Fait important, un certain nombre de stratégies préventives couramment utilisées sont inefficaces. Plus particulièrement, les changements de mode de vie, y compris le régime alimentaire et lexercice, ne réduisent pas la Lp (a). Les premières données sur les statines ont montré des résultats mitigés, certaines études suggérant quelles pourraient même conduire à des augmentations de la Lp (a). Cependant, des études plus contemporaines montrent que la thérapie par statine en elle-même affecte les niveaux de Lp (a); bien quimportant, ceux qui continuent à avoir des niveaux élevés de Lp (a) sur une statine courent un risque accru dASCVD même si le LDL-C est amélioré. Lhormonothérapie substitutive réduit la Lp (a), mais son utilisation est limitée par laugmentation excessive des événements indésirables. La niacine réduit la Lp (a) de 23% mais na pas amélioré les résultats de lASCVD sur la base des études AIM HIGH (Niacin Plus Statin to Prevent Vascular Events) et HPS2 THRIVE (Treatment of HDL to Reduce the Incidence of Vascular Events). Bien que tolérée par certains, la niacine est également associée à des effets secondaires importants. De plus, son efficacité est limitée chez ceux qui pourraient en bénéficier le plus (petite taille disoforme et niveaux de Lp de base les plus élevés).

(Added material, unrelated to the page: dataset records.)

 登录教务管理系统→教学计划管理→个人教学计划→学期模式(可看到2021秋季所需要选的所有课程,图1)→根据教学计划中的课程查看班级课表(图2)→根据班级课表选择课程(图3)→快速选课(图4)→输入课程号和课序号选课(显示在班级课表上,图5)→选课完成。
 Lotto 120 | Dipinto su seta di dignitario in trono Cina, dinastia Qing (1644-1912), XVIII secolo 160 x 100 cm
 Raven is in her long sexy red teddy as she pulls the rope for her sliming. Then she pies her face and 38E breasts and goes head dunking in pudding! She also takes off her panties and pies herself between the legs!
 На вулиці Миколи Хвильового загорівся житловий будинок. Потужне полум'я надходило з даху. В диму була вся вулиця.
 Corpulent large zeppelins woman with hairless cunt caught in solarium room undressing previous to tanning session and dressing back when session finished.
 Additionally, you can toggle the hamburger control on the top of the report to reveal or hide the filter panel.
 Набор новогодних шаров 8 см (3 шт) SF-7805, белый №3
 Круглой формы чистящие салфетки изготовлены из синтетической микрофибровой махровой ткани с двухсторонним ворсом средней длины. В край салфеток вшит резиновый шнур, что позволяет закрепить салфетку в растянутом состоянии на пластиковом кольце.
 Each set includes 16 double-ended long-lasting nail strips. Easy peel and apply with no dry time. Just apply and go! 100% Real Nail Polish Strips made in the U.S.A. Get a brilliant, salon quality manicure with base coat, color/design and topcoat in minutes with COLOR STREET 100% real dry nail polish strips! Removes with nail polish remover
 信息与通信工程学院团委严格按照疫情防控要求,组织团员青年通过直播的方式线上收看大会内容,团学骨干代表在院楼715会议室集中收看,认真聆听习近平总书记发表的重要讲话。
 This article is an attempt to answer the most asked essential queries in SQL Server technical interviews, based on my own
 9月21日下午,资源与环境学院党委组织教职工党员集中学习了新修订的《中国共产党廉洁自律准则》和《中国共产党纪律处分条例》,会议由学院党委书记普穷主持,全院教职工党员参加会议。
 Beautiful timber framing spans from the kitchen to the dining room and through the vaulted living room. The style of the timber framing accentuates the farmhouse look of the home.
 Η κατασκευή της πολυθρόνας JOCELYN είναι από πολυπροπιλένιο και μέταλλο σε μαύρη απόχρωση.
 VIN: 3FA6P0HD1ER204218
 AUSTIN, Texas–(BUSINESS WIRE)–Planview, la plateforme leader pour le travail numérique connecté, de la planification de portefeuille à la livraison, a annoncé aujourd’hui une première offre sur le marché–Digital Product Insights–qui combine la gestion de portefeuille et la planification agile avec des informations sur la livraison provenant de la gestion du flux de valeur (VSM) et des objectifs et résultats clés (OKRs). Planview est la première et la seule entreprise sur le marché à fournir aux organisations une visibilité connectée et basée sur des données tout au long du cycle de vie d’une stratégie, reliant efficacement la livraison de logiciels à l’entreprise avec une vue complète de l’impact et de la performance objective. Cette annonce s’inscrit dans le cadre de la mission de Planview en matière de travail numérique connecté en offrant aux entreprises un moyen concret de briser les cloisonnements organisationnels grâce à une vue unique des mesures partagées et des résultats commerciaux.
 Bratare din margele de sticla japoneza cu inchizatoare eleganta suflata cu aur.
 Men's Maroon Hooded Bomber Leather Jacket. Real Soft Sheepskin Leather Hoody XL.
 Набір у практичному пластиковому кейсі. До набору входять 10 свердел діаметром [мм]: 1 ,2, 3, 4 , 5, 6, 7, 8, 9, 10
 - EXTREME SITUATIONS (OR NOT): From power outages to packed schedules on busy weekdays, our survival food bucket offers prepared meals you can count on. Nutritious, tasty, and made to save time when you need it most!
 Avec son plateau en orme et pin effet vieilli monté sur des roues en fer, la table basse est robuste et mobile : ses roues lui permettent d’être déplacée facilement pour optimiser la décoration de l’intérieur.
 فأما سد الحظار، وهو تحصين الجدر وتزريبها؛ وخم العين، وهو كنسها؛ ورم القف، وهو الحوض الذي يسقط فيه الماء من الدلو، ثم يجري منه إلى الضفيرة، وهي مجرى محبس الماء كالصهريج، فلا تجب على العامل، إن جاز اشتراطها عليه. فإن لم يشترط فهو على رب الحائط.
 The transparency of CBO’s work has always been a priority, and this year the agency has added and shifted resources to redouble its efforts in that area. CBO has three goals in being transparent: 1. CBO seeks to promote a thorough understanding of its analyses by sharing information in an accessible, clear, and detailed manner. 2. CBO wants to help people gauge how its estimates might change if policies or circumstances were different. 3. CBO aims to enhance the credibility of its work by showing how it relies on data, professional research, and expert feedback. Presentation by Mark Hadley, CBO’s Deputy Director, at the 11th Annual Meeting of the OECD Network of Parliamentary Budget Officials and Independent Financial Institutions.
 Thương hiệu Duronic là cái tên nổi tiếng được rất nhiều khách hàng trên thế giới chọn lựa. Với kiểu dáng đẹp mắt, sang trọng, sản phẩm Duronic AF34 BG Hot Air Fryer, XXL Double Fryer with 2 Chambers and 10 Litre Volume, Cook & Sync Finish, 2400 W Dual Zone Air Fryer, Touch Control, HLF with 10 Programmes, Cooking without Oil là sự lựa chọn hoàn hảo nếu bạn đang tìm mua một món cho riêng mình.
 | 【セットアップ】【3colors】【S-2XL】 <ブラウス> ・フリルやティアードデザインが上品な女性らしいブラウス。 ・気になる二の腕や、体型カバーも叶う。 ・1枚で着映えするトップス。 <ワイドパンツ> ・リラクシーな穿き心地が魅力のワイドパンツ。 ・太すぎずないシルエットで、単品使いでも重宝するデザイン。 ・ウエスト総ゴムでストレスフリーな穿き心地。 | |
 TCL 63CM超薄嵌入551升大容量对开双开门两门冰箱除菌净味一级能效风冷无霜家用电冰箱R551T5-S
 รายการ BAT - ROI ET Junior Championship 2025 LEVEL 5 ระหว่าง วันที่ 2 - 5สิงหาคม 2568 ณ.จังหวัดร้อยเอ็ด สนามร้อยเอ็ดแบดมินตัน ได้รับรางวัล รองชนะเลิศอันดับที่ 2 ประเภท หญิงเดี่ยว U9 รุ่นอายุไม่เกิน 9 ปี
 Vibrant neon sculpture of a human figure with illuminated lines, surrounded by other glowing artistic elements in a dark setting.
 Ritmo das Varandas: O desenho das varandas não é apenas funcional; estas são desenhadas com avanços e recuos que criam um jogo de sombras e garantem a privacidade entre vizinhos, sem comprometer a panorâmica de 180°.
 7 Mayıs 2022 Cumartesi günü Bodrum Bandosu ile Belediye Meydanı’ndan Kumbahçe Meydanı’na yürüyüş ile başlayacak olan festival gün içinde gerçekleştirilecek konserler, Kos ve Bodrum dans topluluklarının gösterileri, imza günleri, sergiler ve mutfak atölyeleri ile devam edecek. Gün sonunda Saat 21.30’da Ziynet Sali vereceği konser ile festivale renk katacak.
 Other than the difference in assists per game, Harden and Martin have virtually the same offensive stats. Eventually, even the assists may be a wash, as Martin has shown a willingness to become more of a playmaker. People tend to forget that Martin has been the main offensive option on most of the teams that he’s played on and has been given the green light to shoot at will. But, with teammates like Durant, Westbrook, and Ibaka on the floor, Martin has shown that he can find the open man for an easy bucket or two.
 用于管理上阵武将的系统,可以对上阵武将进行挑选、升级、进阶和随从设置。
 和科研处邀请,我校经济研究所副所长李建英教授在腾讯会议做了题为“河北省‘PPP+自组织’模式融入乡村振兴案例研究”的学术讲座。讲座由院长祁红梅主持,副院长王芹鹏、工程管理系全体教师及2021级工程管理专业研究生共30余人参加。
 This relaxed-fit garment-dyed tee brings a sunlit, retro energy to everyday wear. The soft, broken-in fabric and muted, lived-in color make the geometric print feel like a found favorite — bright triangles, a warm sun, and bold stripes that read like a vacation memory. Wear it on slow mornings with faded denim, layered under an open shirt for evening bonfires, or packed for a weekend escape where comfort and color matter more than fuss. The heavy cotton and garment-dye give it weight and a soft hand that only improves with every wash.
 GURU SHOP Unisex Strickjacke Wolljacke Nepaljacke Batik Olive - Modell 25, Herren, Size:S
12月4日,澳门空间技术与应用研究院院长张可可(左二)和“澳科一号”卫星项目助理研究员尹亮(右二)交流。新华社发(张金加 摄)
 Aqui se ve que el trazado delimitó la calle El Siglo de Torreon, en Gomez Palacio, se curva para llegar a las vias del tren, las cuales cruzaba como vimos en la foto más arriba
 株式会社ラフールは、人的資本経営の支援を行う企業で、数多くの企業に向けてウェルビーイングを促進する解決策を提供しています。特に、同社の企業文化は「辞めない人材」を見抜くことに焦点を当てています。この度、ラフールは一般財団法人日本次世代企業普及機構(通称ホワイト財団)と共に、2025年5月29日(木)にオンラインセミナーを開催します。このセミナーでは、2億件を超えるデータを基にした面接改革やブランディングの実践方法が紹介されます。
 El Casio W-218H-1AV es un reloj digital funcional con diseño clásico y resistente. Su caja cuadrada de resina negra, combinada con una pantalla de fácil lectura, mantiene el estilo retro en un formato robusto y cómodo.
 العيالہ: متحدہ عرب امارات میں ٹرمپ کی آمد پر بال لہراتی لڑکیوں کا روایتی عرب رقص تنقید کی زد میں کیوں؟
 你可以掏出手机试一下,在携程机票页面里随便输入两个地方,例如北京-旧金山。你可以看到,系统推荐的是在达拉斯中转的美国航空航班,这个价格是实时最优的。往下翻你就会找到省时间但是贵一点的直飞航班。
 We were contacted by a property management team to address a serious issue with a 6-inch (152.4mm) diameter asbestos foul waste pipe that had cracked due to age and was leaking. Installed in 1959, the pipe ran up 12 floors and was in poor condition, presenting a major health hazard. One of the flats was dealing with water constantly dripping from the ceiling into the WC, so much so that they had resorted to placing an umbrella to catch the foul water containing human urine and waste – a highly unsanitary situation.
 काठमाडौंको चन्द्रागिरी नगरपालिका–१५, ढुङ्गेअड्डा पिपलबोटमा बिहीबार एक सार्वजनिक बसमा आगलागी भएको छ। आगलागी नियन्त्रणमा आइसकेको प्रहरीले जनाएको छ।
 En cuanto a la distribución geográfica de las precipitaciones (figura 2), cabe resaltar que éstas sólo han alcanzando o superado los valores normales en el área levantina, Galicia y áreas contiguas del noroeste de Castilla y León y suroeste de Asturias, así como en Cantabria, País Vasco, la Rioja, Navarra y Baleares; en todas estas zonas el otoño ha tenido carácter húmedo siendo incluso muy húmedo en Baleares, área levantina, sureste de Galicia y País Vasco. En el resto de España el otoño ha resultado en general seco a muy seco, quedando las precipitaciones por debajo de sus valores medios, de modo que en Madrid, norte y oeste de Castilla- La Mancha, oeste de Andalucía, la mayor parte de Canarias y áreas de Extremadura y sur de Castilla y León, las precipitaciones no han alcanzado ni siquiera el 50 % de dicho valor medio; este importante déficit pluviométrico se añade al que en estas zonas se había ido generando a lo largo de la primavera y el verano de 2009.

Sur la base des données disponibles, les auteurs recommandent dinitier un traitement par statine dintensité modérée à élevée chez les adultes âgés de 40 à 75 ans avec un risque ASCVD à 10 ans de 7,5% à ≤ 20% avec une Lp (a) ≥ 100 nmol / L. Comme cela est déjà fait couramment, les patients à haut risque avec LDL-C ≥70 mg / dL (non-HDL-C ≥100 mg / dL) et une Lp (a) ≥100 nmol / L sous statine tolérée au maximum doivent être envisagés pour plus thérapies intensives (inhibiteurs dézétimibe et PCSK9) pour abaisser le LDL-C.

Actuellement, de nouvelles thérapies ciblant sélectivement la Lp (a) sont à létude. Un essai de phase 2 dAKCEA apo (a) -LRx, un oligonucléotide antisens apo (a), a réduit la Lp (a) jusquà 80%. Une étude de phase 3 est en cours de planification. De plus, un anticorps oxPL qui se lie et inactive lactivité pro-ostéogénique de Lp (a) a des données in vitro prometteuses. Ces thérapies, bien que prometteuses, nécessitent des recherches supplémentaires avant de devenir des thérapies courantes.

Conclusion

La lipoprotéine (a) représente un nouveau biomarqueur passionnant dans le domaine de la lipidologie et de la cardiologie préventive. Une Lp élevée (a) est causalement impliquée dans lASCVD, et des tests chez des patients spécifiques peuvent aider à adapter lintensité appropriée des mesures préventives. Cependant, en raison du manque de standardisation et de lhétérogénéité des données disponibles, les seuils optimaux restent une source de débats intenses. Les soins cliniques se concentrent actuellement sur le contrôle traditionnel des facteurs de risque chez les patients ayant une Lp (a) élevée, car les options de traitement ciblées sont limitées. De nouvelles thérapies ciblant la Lp (a) sont activement étudiées et, si elles réussissent, elles pourraient devenir un élément important de la prévention primaire et secondaire.